:: REQUIRED ACTION ::
The result should be the lines from the one holding "Sandalo donna con" to the final line of the records below, repeated exactly and with no pictures.

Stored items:
____________

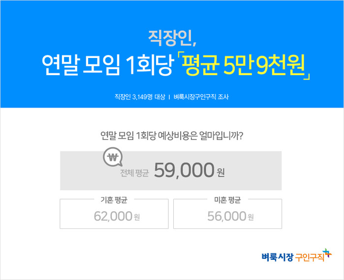| ▲ 직장인 3149명을 대상으로 설문조사한 결과 연말 모임 1회당 평균 5만 9000원 정도를 지출하는 것으로 나타났다. |
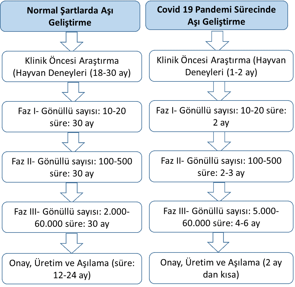 Tüm aşı ve ilaç çalışmaları onay aşamasına gelmeden önce laboratuvar çalışmaları, klinik öncesi çalışmalar (preklinik/hayvan deneyleri) ve üç ayrı fazdan oluşan klinik çalışma süreçlerinden geçer. Norma şartlar altında bir aşı geliştirilmesi en az 4-5 yılı bulur. Ancak pandemi gibi tüm dünyanın bir anlamda kilitlenmesine neden olan olağanüstü durumlarda bu sürecin nasıl kısalabildiğini, bilimsel seferberliğin aşı geliştirilmesini nasıl hızlandırdığına şahit olduk. Normal şartlar altında bir aşının geliştirilmesi aşamalarını ve gerekliliklerini, Covid 19 aşı geliştirme süreçleri ile karşılaştırdığım tabloyu aşağıda inceleyebilirsiniz. Tabloda da görüldüğü gibi çalışmaların süreleri çok kısa olsa da çalışmaya katılan gönüllü sayısı ve çalışmaların tasarımı açısından gerekenler kriterler yerine getirilmiştir.
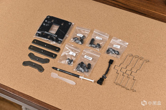 附件方面非常豐富,附贈了各型號扣具,支持intel 115x、1200、20xx、1700,AMD方面支持AM4以及最新的 AM5,附贈了一管高性能碳納米導熱硅脂,通過附贈的刮刀更易塗抹。同時附贈了降噪風扇線,將雙風扇控制在 1500 轉以內的舒適轉速下。
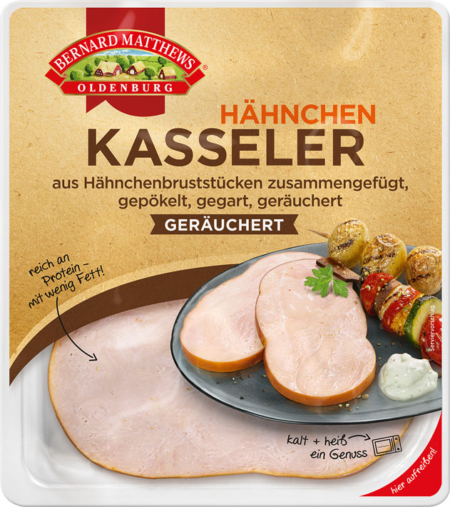 Proteinreich und fettarm unterstützt der Hähnchen-Kasseler von Bernard Matthews Oldenburg Ihre bewusste Ernährung! In Buchenholz geräuchert, erhält der Hähnchen-Kasseler seinen typischen Geschmack und macht ihn so zum idealen Begleiter für viele Gerichte. Egal ob als Snack für Zwischendurch oder als Protein-Beilage zum Salat, zum Gemüse oder als Bestandteil in einem Auflauf. Durch die einfache Zubereitung in der Pfanne ist der Hähnchen-Kasseler auch ideal, wenn es mal schneller gehen muss.
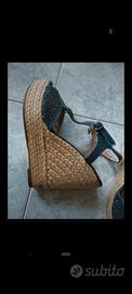 Sandalo donna con zeppa altezza cm 12, comodo plateau, usata pochissimo, marca Solo Soprani, n. 37. colore grigio/turchese,
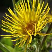 Девясил — мощное декоративное растение орнаментального плана с огромными прикорневыми листьями и крупными корзинками лучистых желтых цветков — цветет в июле. Эти растения заднего плана уместны на больших участках, где в одиночных группах хорошо смотрятся на газоне.

____________

:: ANSWER SECTION ::
 Sandalo donna con zeppa altezza cm 12, comodo plateau, usata pochissimo, marca Solo Soprani, n. 37. colore grigio/turchese,
 Девясил — мощное декоративное растение орнаментального плана с огромными прикорневыми листьями и крупными корзинками лучистых желтых цветков — цветет в июле. Эти растения заднего плана уместны на больших участках, где в одиночных группах хорошо смотрятся на газоне.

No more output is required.